Мучаясь в изгнании, однажды он не выдержал. Проклял неизвестность и взмолился о любом исходе, но только немедленном. Умаслив чванливого Нарцисса, которого ещё слушал деспот, он добился аудиенции у Нерона, отрёкся от всего нажитого в его пользу, поклялся в своей верности. Безвинный, он испрашивал прощения. Но меднорожий богатства не принял, а значит, затаил угрозу. Заверив, что не держит на него никакого зла, фактически дал понять, что жизнь бывшего наставника теперь ничего не стоит и ему следует считать лишь дни, когда приговор осуществится. Вернувшись в поместье, Сенека застыдился своей минутной слабости.
Великий Сенека не имеет права на трусость! В одном из своих писем к Луцилию он провозгласил: мы презираем тех, кто из боязни боли ни на что не отваживается и теряет мужество. Сказав это, он отсёк себе путь к иному образу жизни, к другому поведению, но вот непростительно дрогнул перед ничтожным тираном!..
Сенека впал в забытьё, прикрыл тяжёлые веки. Перед его сознанием заструились видения далёких дней детства и юности.

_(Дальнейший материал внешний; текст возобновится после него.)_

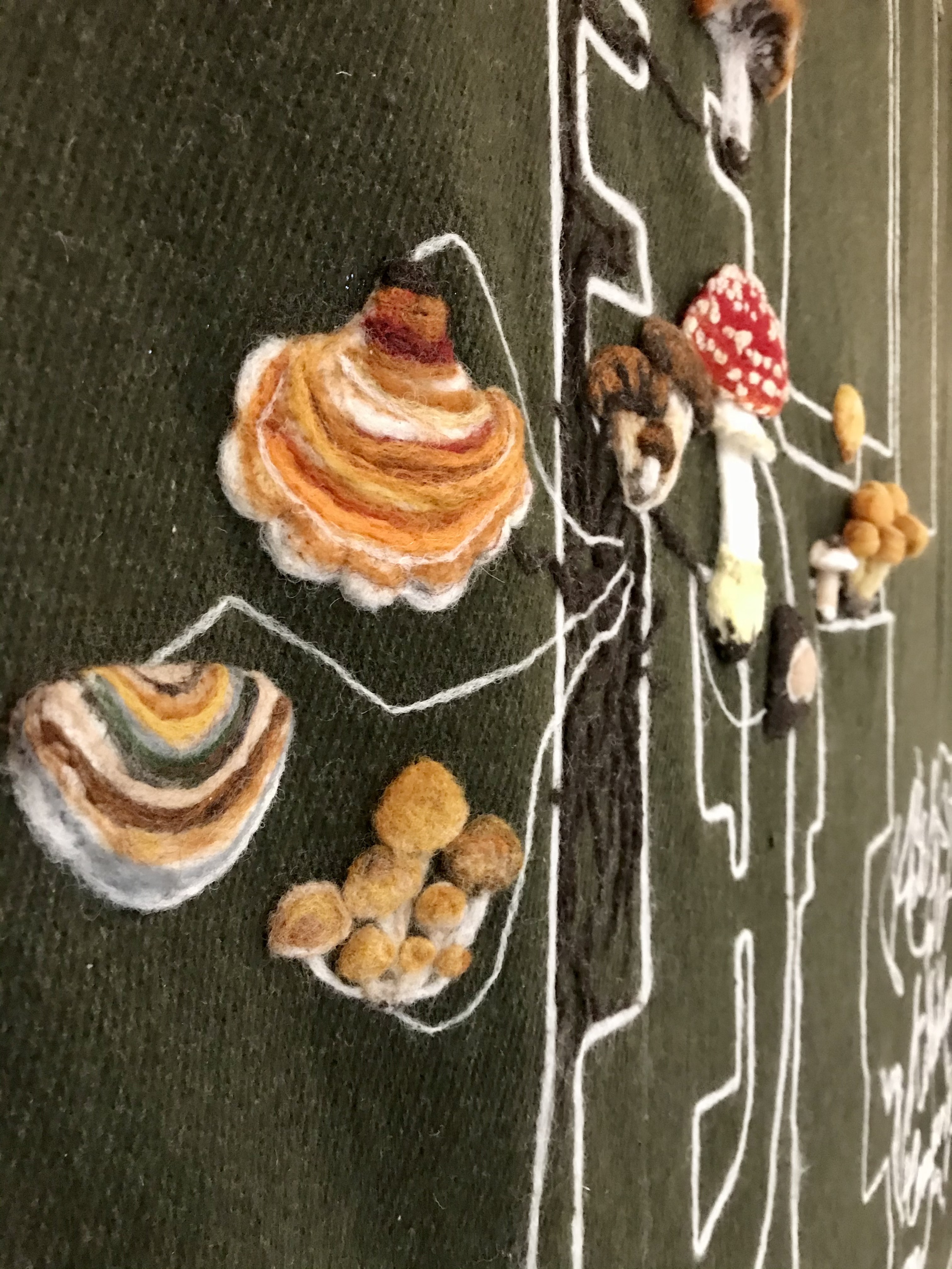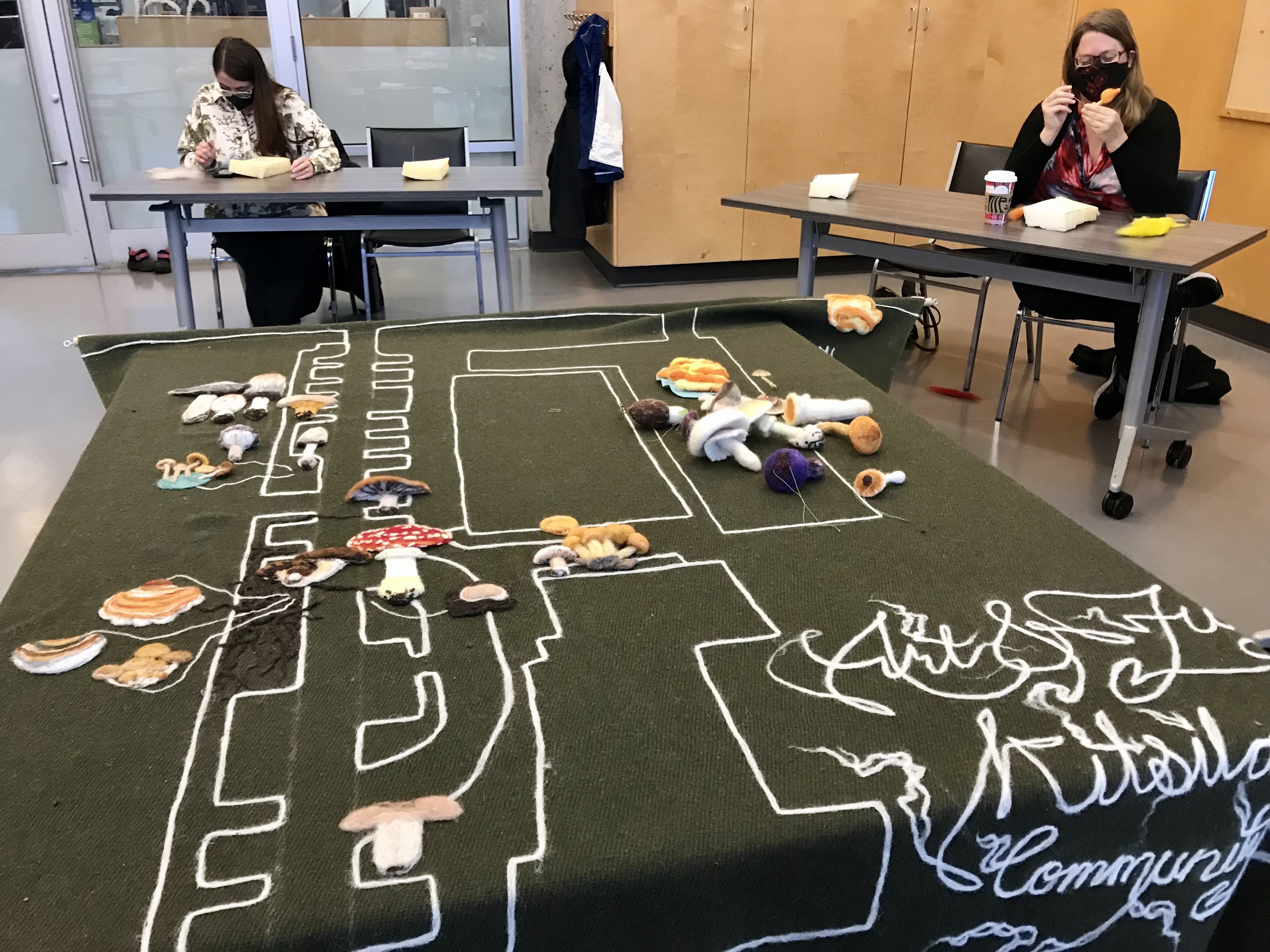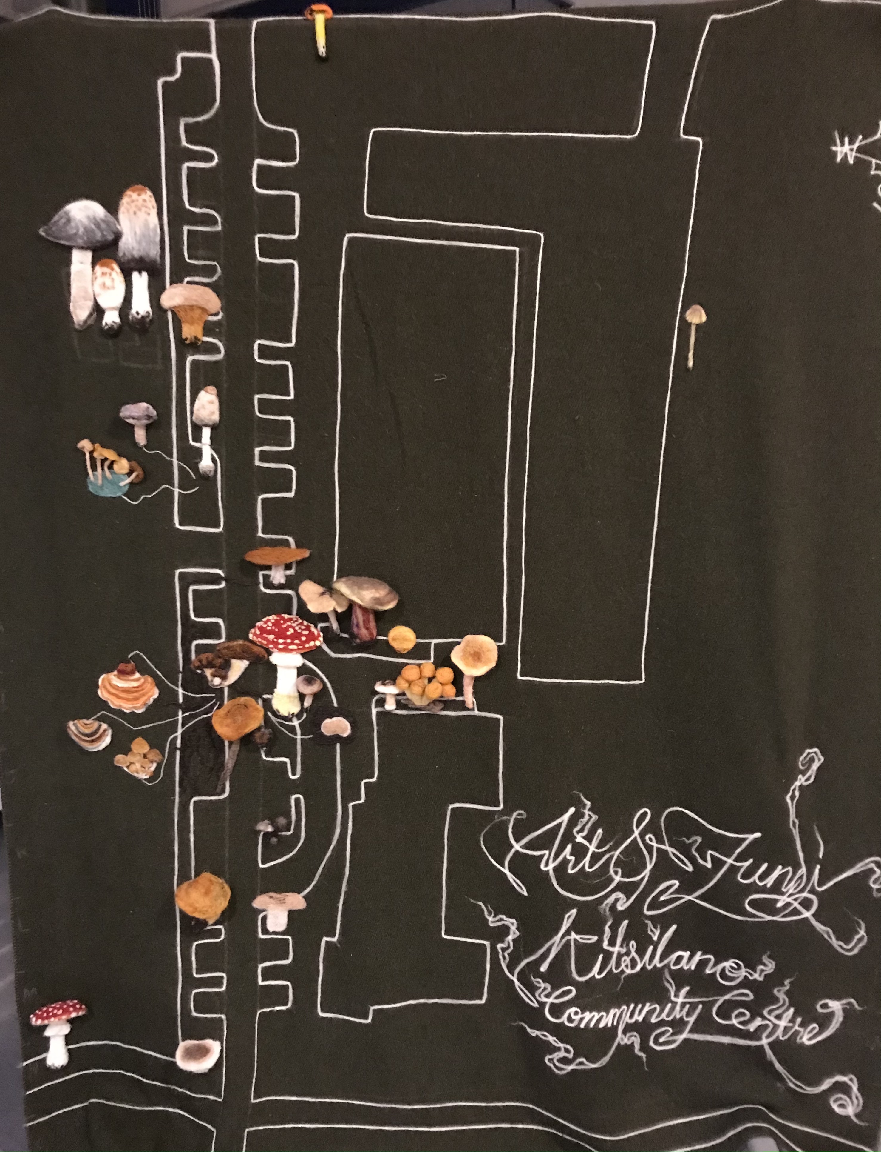 We are grateful to have been invited to share the Felted Fungal Map we created in collaboration with local community members at the Kitsilano Community Centre as part of the Together and Apart Exhibition at the Roundhouse Community Center. Alongside the exhibition, we taught a mushroom needle felting workshop to an enthusiastic group of mycophiles.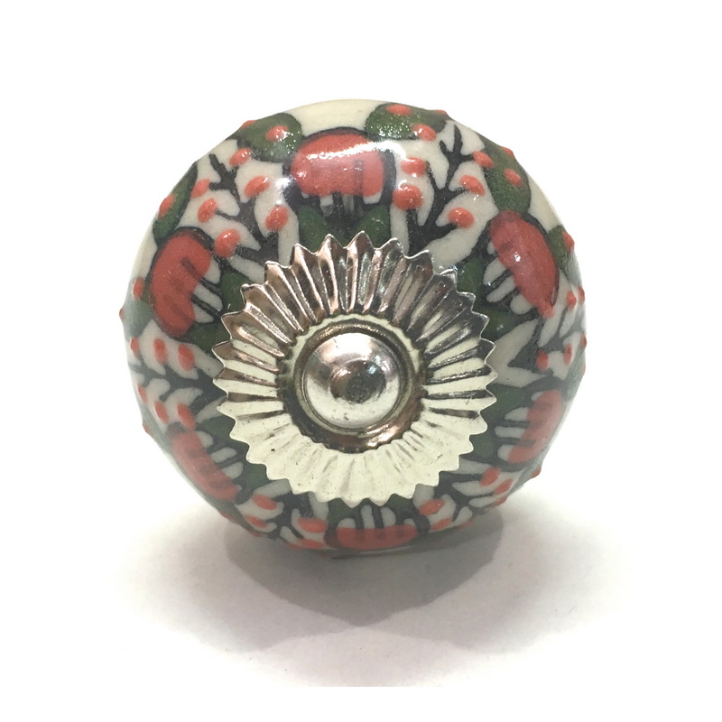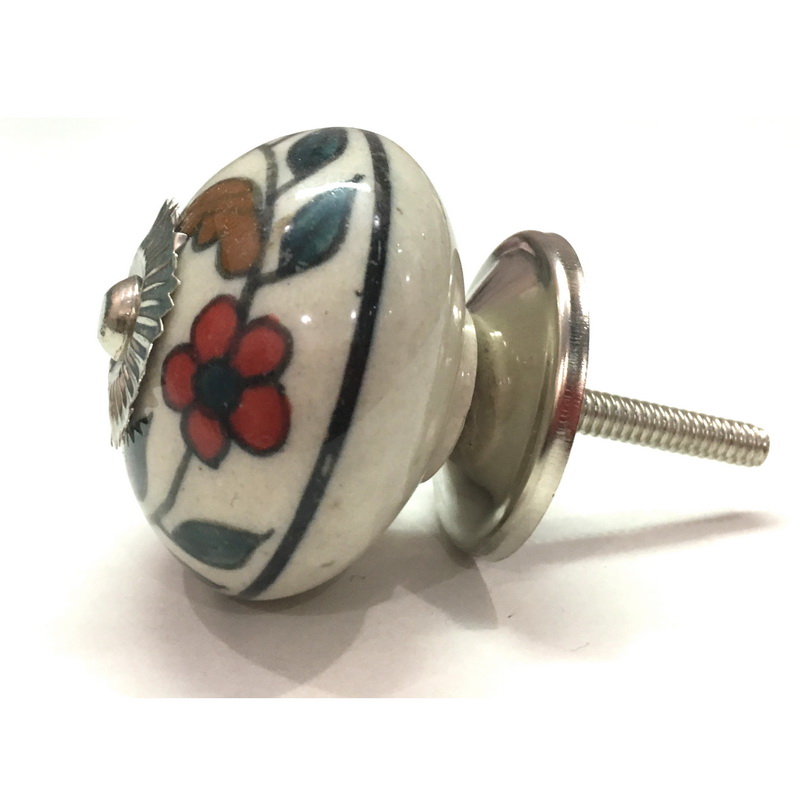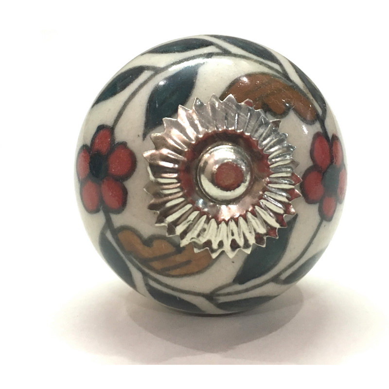 CERAMIC KNOB ROUND LEAF & FLOWER

Посланный на землю богами, он пришёл в человеческом обличье к людям, родившись от матери и отца в гордом славном городе Кордове. Но угодил в самое тяжёлое и тревожное для республики время. Республика погибала, терзаемая тиранами в междоусобных сварах, а великие люди Рима ничего не могли с этим поделать. Один он, Луций Анней Сенека, знал, что следует предпринять. Но познал он это не сразу. Предшествовало этому длительное и настойчивое постижение истины. Его учителями были известные философы: стоик Аттал, пифагореец Сотион, киник Деметрий, Фабиан Папирий из школы Секстия Квинта. Но более всех Луций Анней ценил и уважал славного Посидония.
Он рано стал знаменит, а ворвавшись, словно свежий ветер к дремавшим старцам в сенат, ошеломил всех великолепием ораторского искусства, вызвав гнев и зависть Калигулы и едва не сложив по этой причине голову. Тогда над ним грянули первые раскаты грома…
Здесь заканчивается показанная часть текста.